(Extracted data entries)
▬▬▬
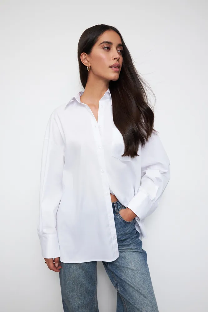 Тренд на серебряные джинсы, может, и прошел, но брюки с металлическим блеском все еще в топе продаж. Ищи необычные оттенки: «грязная» платина, розовый с перламутровым отливом. В пару к эффектному низу берем базовую рубашку или даже белую футболку – у тебя наверняка есть!
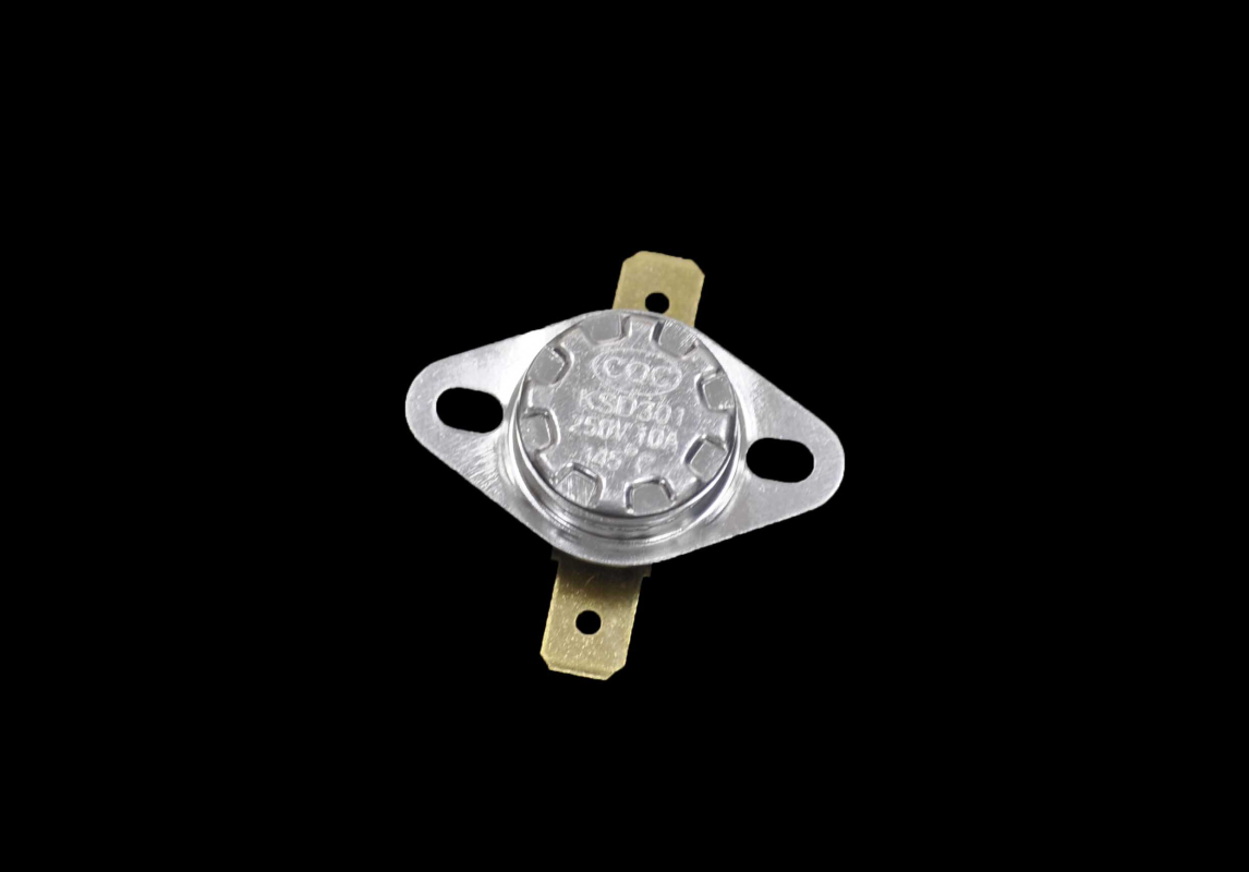 Термостат нормально-замкнутый KSD-301 (биметаллическая пара находится в замкнутом состоянии, при нагреве происходит деформация пластин и размыкание цепи), температура 145 градусов, 10А
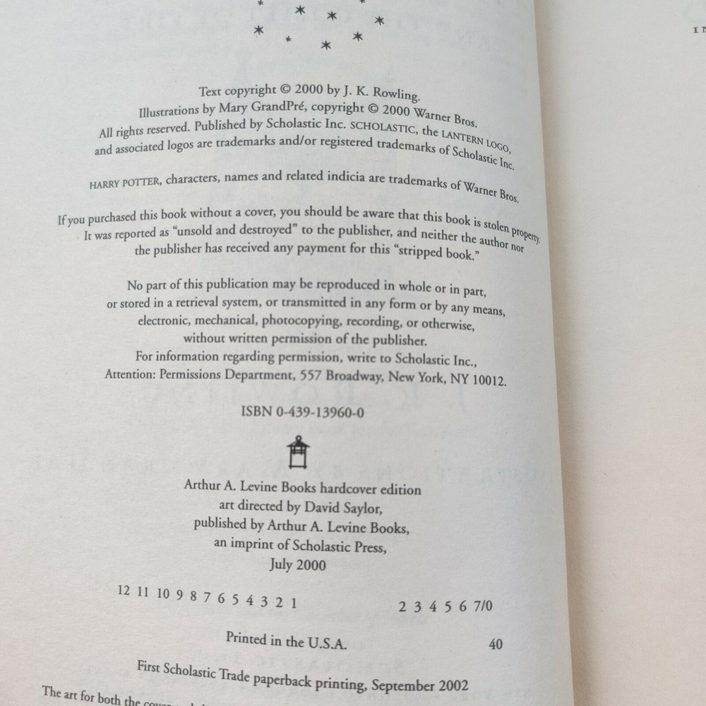 HARRY POTTER and the Goblet of Fire - by J.K. Rowling Paperback Book. Pre-owned condition with some signs of shelf wear and age, no writing inside book Please see pictures for more details on condition All pages are legible
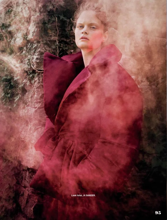Model Nathalia Oliveira is red all over, styled in sensual rouge by Rebecca Beglini. Photographer Fabio Leidi flashes Nathalia in the wild for Elle Mexico August 2017./ Hair by Mario Minnuno; makeup by Roman Gasser
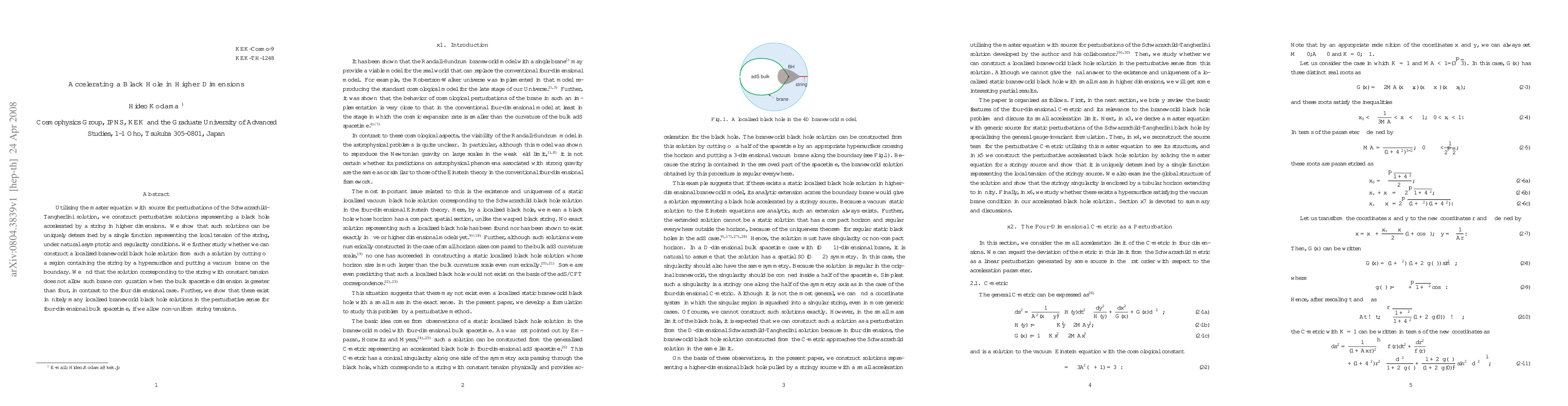 Utilising the master equation with source for perturbations of the Schwarzschild-Tangherlini solution, we construct perturbative solutions representing a black hole accelerated by a string in higher dimensions. We show that such solutions can be uniquely determined by a single function representing the local tension of the string, under natural asymptotic and regularity conditions. We further study whether we can construct a localised braneworld black hole solution from such a solution by cutting off a region containing the string by a hypersurface and putting a vacuum brane on the boundary. We find that the solution corresponding to the string with constant tension does not allow such brane configuration when the bulk spacetime dimension is greater than four, in contrast to the four dimensional case. Further, we show that there exist infinitely many localised braneworld black hole solutions in the perturbative sense for four-dimensional bulk spacetime, if we allow non-uniform string tensions.
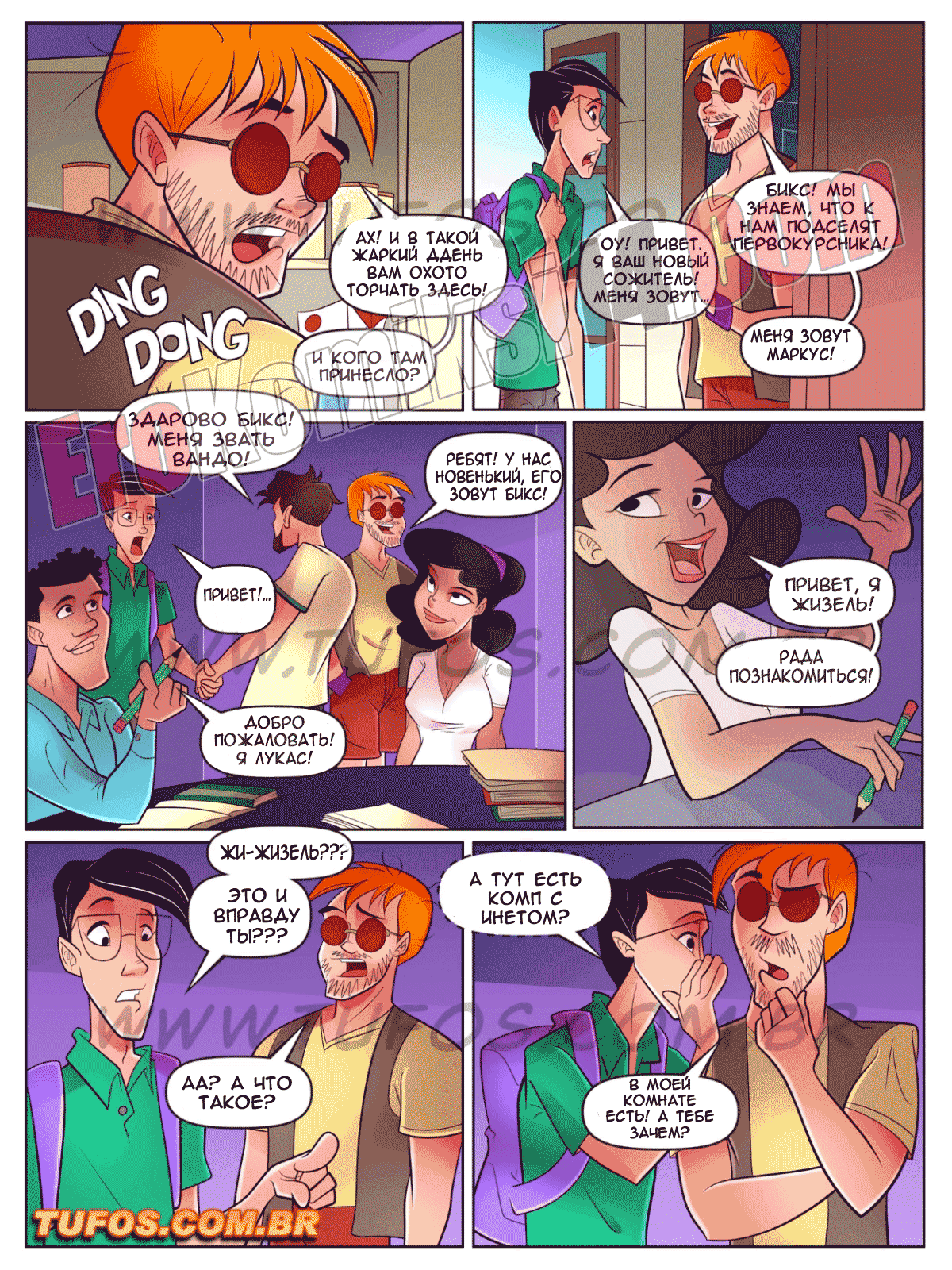 Порно комикс Гребаные соседи. Часть 2: Студенческое общежитие. Смотрите отличный комикс в формате гиф. Парень заселяется в общежитие и в тот же день попадает на местную студенческую оргию. Новичок всех удивляет, когда начинает профессионально трахать девушку.
▬▬▬
Every entry should come back exactly as written, only without images.

 Тренд на серебряные джинсы, может, и прошел, но брюки с металлическим блеском все еще в топе продаж. Ищи необычные оттенки: «грязная» платина, розовый с перламутровым отливом. В пару к эффектному низу берем базовую рубашку или даже белую футболку – у тебя наверняка есть!
 Термостат нормально-замкнутый KSD-301 (биметаллическая пара находится в замкнутом состоянии, при нагреве происходит деформация пластин и размыкание цепи), температура 145 градусов, 10А
 HARRY POTTER and the Goblet of Fire - by J.K. Rowling Paperback Book. Pre-owned condition with some signs of shelf wear and age, no writing inside book Please see pictures for more details on condition All pages are legible
Model Nathalia Oliveira is red all over, styled in sensual rouge by Rebecca Beglini. Photographer Fabio Leidi flashes Nathalia in the wild for Elle Mexico August 2017./ Hair by Mario Minnuno; makeup by Roman Gasser
 Utilising the master equation with source for perturbations of the Schwarzschild-Tangherlini solution, we construct perturbative solutions representing a black hole accelerated by a string in higher dimensions. We show that such solutions can be uniquely determined by a single function representing the local tension of the string, under natural asymptotic and regularity conditions. We further study whether we can construct a localised braneworld black hole solution from such a solution by cutting off a region containing the string by a hypersurface and putting a vacuum brane on the boundary. We find that the solution corresponding to the string with constant tension does not allow such brane configuration when the bulk spacetime dimension is greater than four, in contrast to the four dimensional case. Further, we show that there exist infinitely many localised braneworld black hole solutions in the perturbative sense for four-dimensional bulk spacetime, if we allow non-uniform string tensions.
 Порно комикс Гребаные соседи. Часть 2: Студенческое общежитие. Смотрите отличный комикс в формате гиф. Парень заселяется в общежитие и в тот же день попадает на местную студенческую оргию. Новичок всех удивляет, когда начинает профессионально трахать девушку.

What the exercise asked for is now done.